Gershwin, jazz nel tempio della sinfonica
Si presenta come un omaccione di almeno un metro e novanta, con le spalle da giocatore di football americano. Eppure entra alla Scala in punta di piedi, Tzimon Barto, il pianista scritturato come solista nel Concerto in fa di Gershwin, che si esegue nell’ambito della stagione sinfonica (in replica stasera). Fa il suo piuttosto bene. E soprattutto dimostra una verità ormai incontrovertibile. Che se le orchestre ormai globalizzate hanno perduto — salvo eccezioni rare — una spiccata identità nazionale, quella per cui potevano suonare bene un certo repertorio ma era loro precluso un cert’altro, di solisti che vengono «da una certa scuola» se ne ascoltano ancora parecchi. E lui, 54enne della Florida, il Concerto in fa lo suona da vero americano, con un’attitudine per tutto ciò che di jazzistico anima questa pagina di Gershwin, che non può che accendere la curiosità e l’applauso della platea, a dispetto di una prova assai problematica del direttore Christoph Eschenbach e dell’orchestra scaligera. Applausi che triplicano poi alla fine del bis, un ragtime di Scott Joplin che è una vera chicca per il pubblico della «sinfonica».

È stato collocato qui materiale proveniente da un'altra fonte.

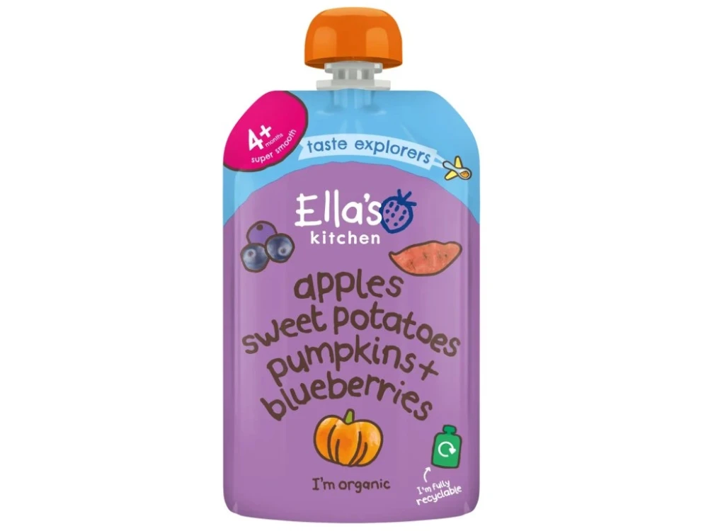 - Ovocná kapsička Ella's Kitchen Sladké zemiaky, tekvica, jablká a čučoriedky, BIO 120g
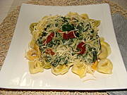Wczoraj wtorkowe wspomnienia, dzisiaj tortellini i szpinak z suszonymi pomidorami w sosie serowym.
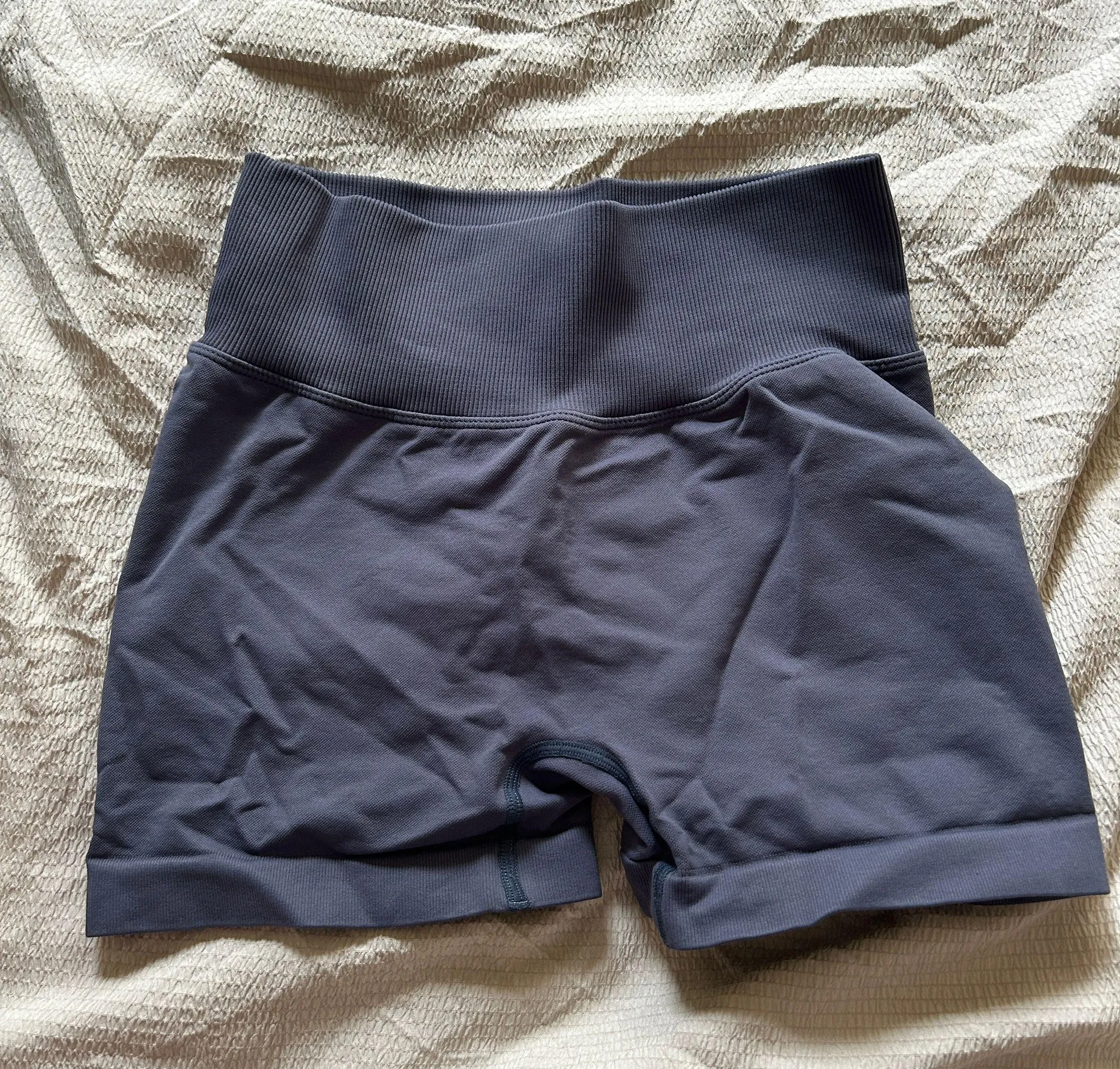 Amazon MOOSLOVER blue shorts with a scrunch seam, super flattering and snug! I wear a size XS/S and... Show more
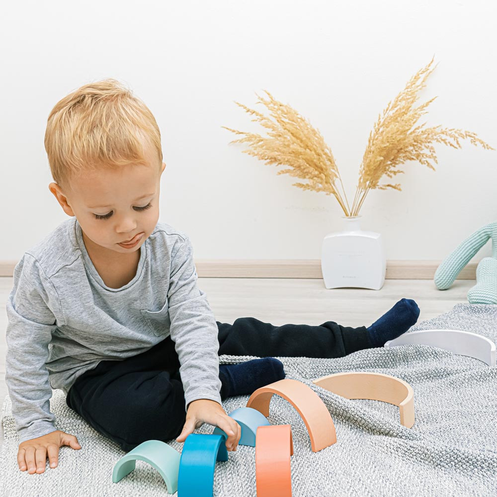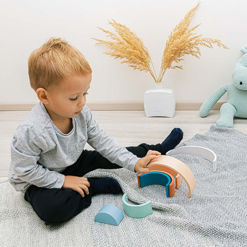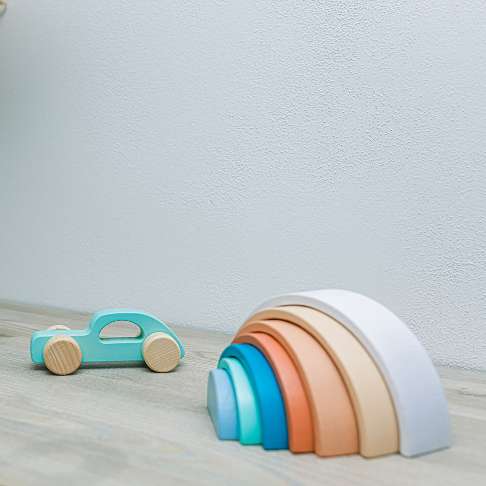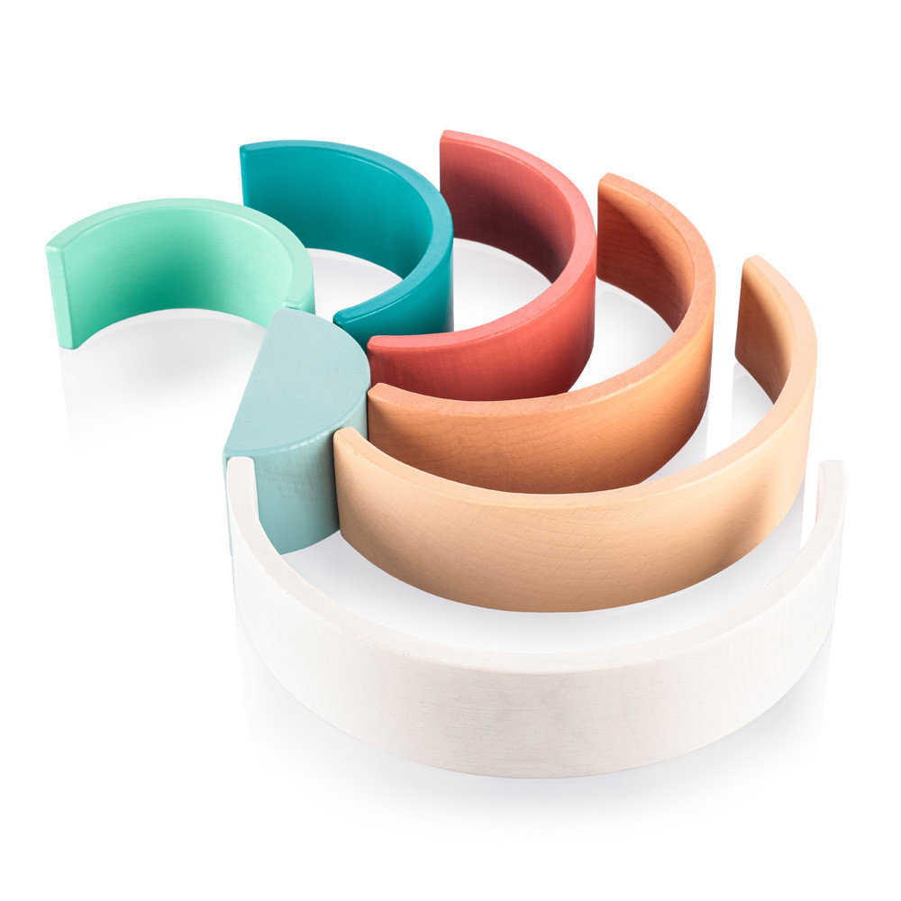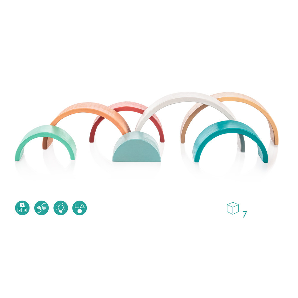 Az aranyos szivárvány formájú és színű játék nagyszerű segítőtárs a gyerekek motorikus fejlődéséhez, képzelőerejének és kreativitásának fejlesztéséhez. A kirakós játékból különféle formákat lehet létrehozni. A készlet 7 színes, minőségi bükkfából készült darabot tartalmaz.- Fejleszti a gyermekek motorikus készségeit és képzelőerejét- 18 hónapos kortól ajánlott- Korlátlan összecsukási mód- 7 színes darab- Minőségi bükkfából és vízbázisú festékekből- Mérete: kb.: 17 x 8,5 x 4cm
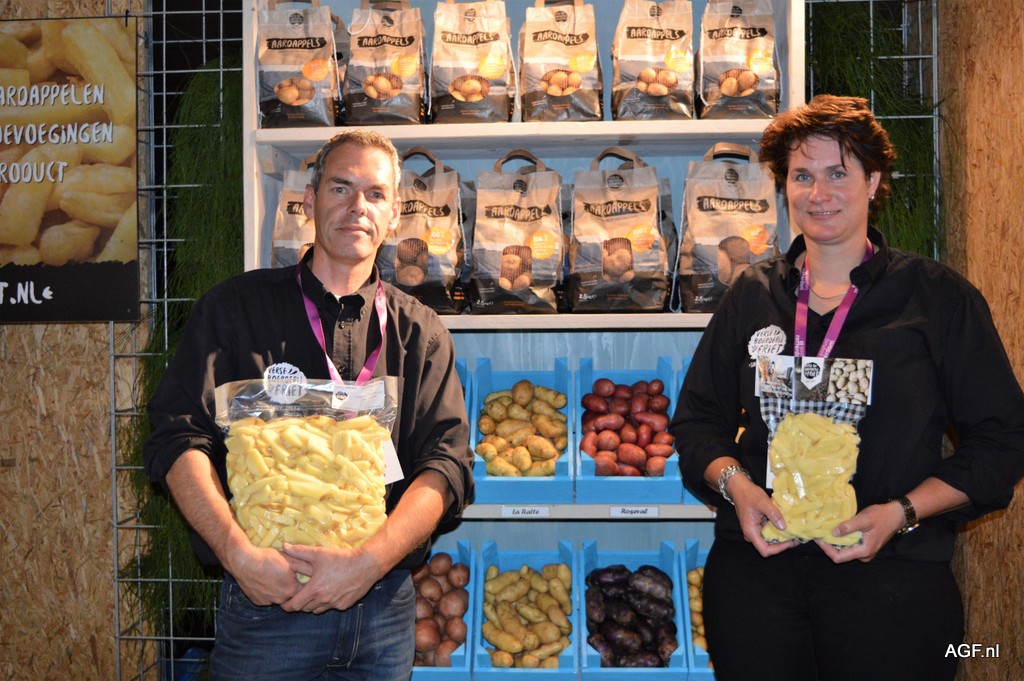 Henk Radewalt en Dicky Veerman van Verse Boerderijfriet, een product van Landbouwbedrijf Coorndijck. Zij de vraag naar vacuüm verpakte frieten en aardappelen toenemen voor oa. zorginstellingen.
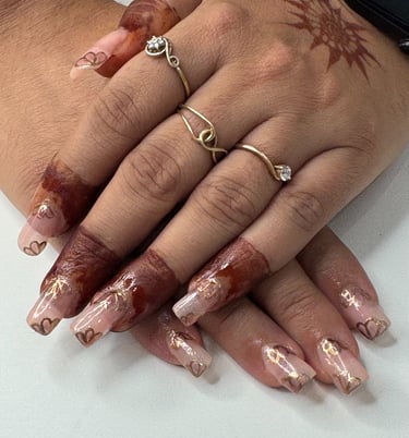 “Our nail artistry is all about expression, elegance, and trends. We offer a complete range of services including gel, acrylic, and polygel extensions, gel polish, refills, and removals — all executed with precision and care. From minimalist nail art to bold 3D designs, our artists bring creativity to your fingertips. Each session focuses on quality, hygiene, and personalized style, giving you nails that are strong, beautiful, and fashion-forward.”
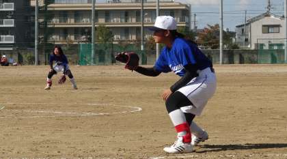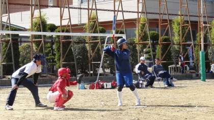 緑風冠高校グラウンドでは、ソフトボール部の練習試合が行われていました。
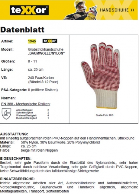 AUSSTATTUNG: mit einseitig aufgebrachten roten PVC-Noppen auf den Handinnenflächen, Strickbund
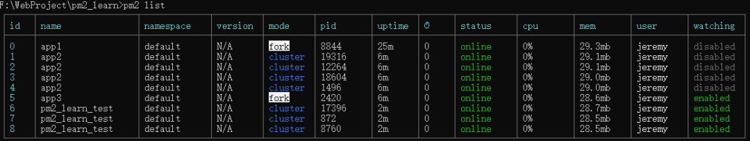 PM2的管理命令都很简单直白,具体如下:
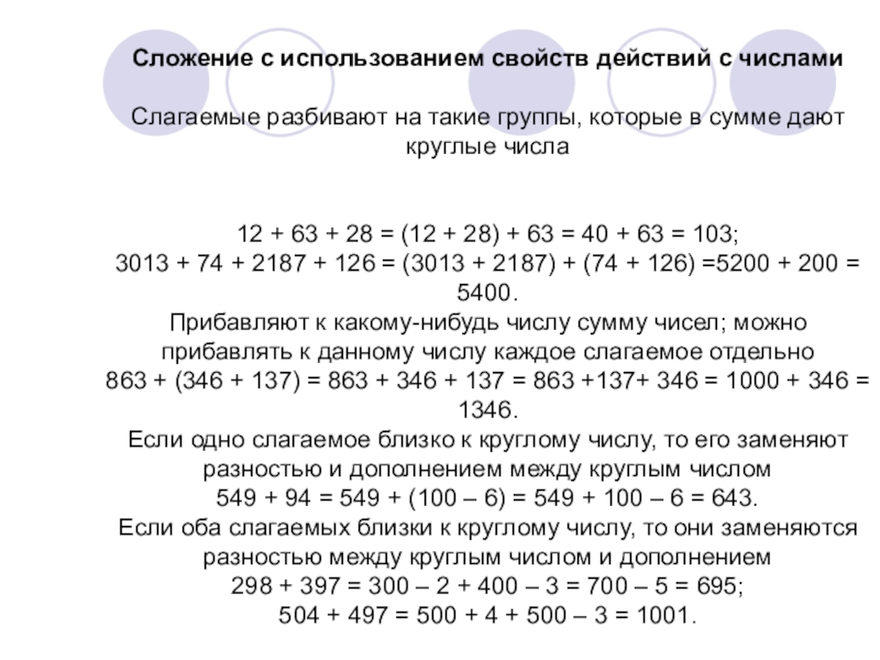Слайд 8Сложение с использованием свойств действий с числами
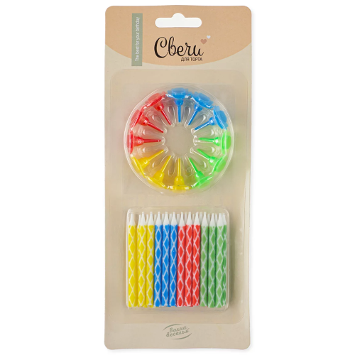 Свечи Ромбики, Ассорти, 0,5*6 см, 24 шт. с держат., 802918
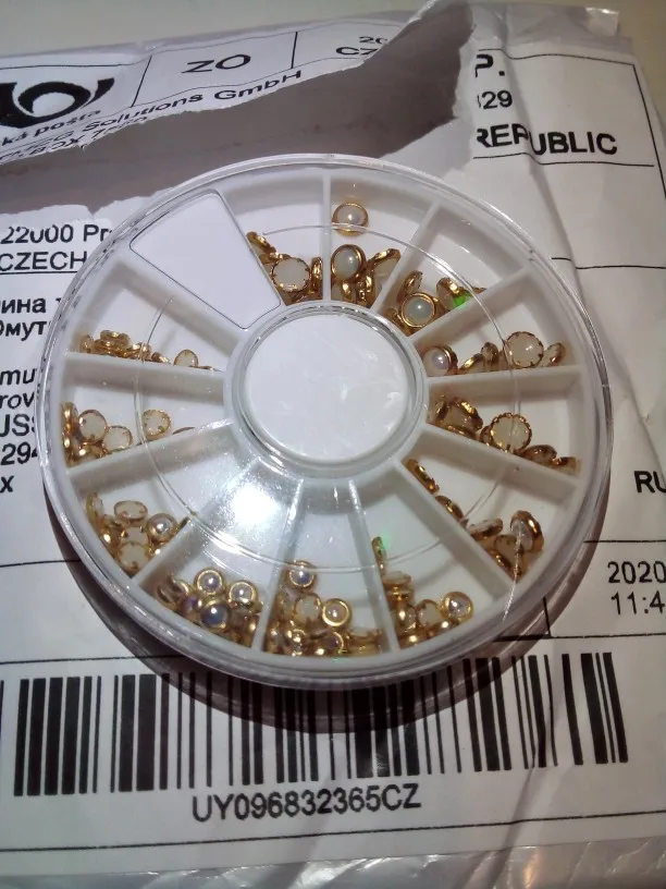 Коробочка не очень удобная, самые мелкие стразы сыпятся сквозь неё. Шло очень долго, несколько раз продавец продлевал защиту
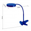Настольный светильник ЭРА NLED-435-4W-BU со светодиодами (LED) в качестве источников света с прищепкой и длинной гибкой стойкой. Выключатель на плафоне (панели со светодиодами). Направление света регулируется поворотом плафона в любом направлении под любым углом.
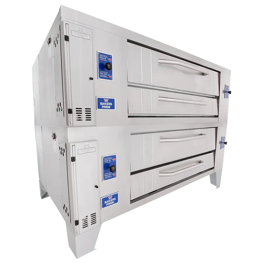 The Bakers PrideĀ® model Y-802 extra-wide gas pizza oven is perfect for high-volume pizza and all-purpose baking operations. This double-stacked model is constructed with heavy-duty, .25" angle iron frame, which is fully welded to allow for stacking. Each oven chamber features a Lightstone fibrament deck with 8" deck height and independently controlled top and bottom heat dampers for perfectly balanced results. The oven exterior is all heavy-duty, stainless steel and fully insulated for cooler outer temperatures and consistent interior temperatures.
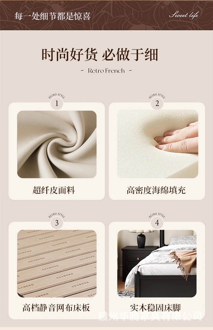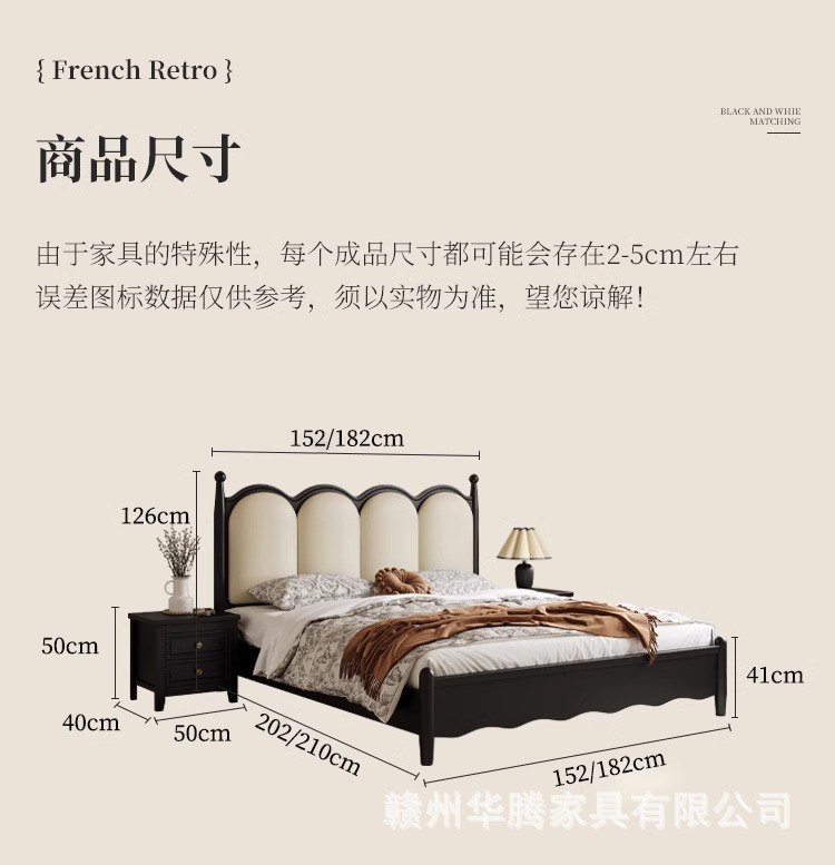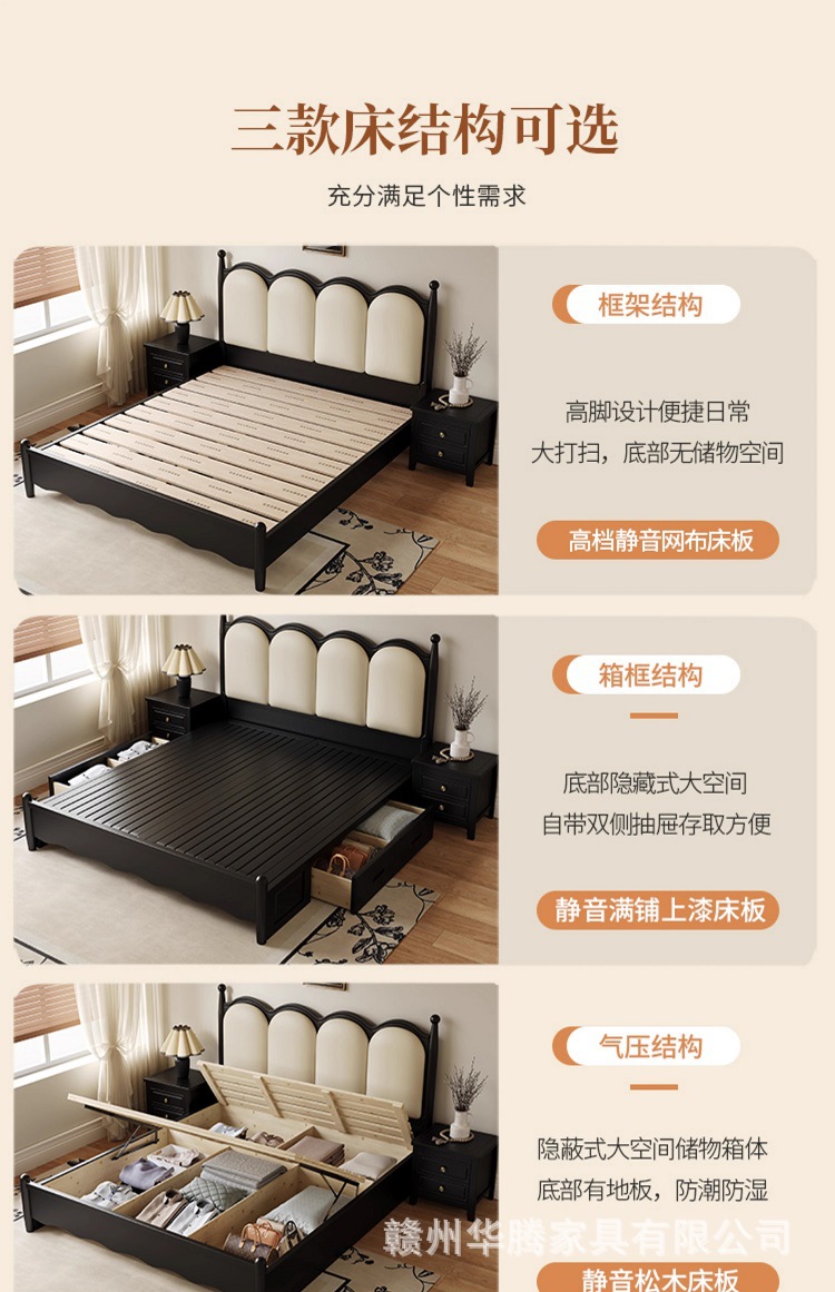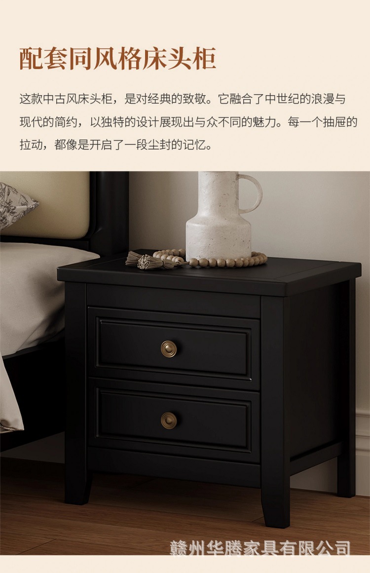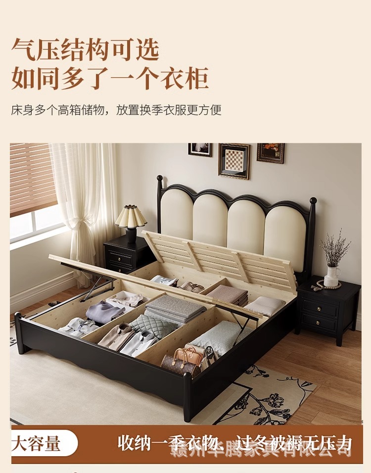 프렌치 복고풍 원목 침대, 모던하고 심플한 마스터 침실, 고급스럽고 분위기 있는 더블 침대, 중세 스타일의 가벼운 럭셔리 블랙 침대스토어 가기

Eschenbach si rifà però nella Sinfonia dal nuovo mondo di Dvorák, opera che piace sempre a tutti ma, chissà perché, resta sempre esclusa dal novero dei capolavori. L’eloquio arriva morbido e soprattutto fluido, che in Dvorák è ciò che conta. E le prime parti — meraviglioso il corno inglese di Renato Duca — danno un contributo da orchestra di rango a un’esecuzione energica, estroversa, viva. E giustamente molto applaudita.